Bayangkan seorang janda tua, hidup sebatang kara di gubuk reyot yang nyaris roboh, setiap kali hujan harus mengungsikan dirinya ke rumah tetangga. Ia sudah lama mengajukan permohonan, tetapi namanya tak pernah muncul dalam daftar penerima. Di sisi lain, seorang pemuda yang masih kuat bekerja, bahkan belum menikah, bisa mendapatkan rumah karena keluarganya mampu menyetor sejumlah uang. Apakah ini keadilan? Apakah ini bentuk dari rasa sosial yang kita agung-agungkan?

Lebih menyakitkan lagi, ketika aparat desa, pejabat terkait, hingga oknum pelaksana di lapangan, seakan tutup mata terhadap penderitaan kaum dhuafa. Mereka lebih memilih meraup keuntungan sesaat ketimbang menunaikan amanah yang seharusnya dipikul. Padahal, rumah layak huni bukan sekadar bangunan fisik. Ia adalah simbol keadilan, kepedulian, dan wujud nyata dari negara hadir bagi rakyat kecil. Jika keadilan itu digadaikan demi uang, maka sebenarnya kita sedang mengkhianati nurani bangsa.

Kita harus berani berkata: cukup sudah permainan ini! Jangan lagi penderitaan kaum dhuafa dijadikan ladang bisnis. Jangan lagi bantuan sosial yang seharusnya menjadi hak orang kecil dijadikan sarana memperkaya diri. Negara hadir untuk melindungi, bukan untuk memperdagangkan hak-hak dasar rakyat.

Opini ini bukan sekadar keluhan, melainkan jeritan hati banyak orang miskin yang suaranya sering tak terdengar. Mereka tidak butuh belas kasihan, mereka hanya menuntut hak. Hak untuk hidup layak, hak untuk memiliki rumah yang aman, hak untuk diperlakukan dengan adil.
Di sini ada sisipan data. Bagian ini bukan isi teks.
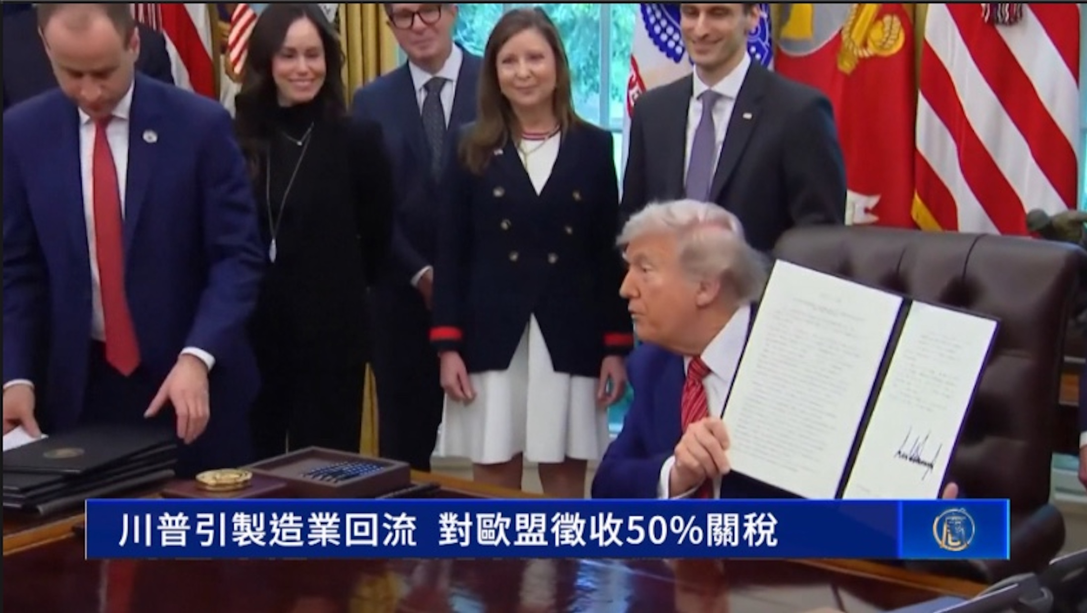 記者 陶明:「美國總統川普週五表示,由於與歐盟的貿易談判毫無進展,他建議從今年6月1號起,對歐盟進口商品徵50%的關稅,但如果產品是在美國製造或組裝,將不受關稅的限制。」

Semoga pemerintah benar-benar menutup celah permainan kotor ini. Semoga para pengambil kebijakan lebih peka dan menyalurkan rumah layak huni kepada mereka yang benar-benar membutuhkan. Karena di balik dinding reyot rumah para dhuafa, ada doa-doa yang terus dipanjatkan. Dan doa orang kecil, jangan pernah diremehkan kekuatannya.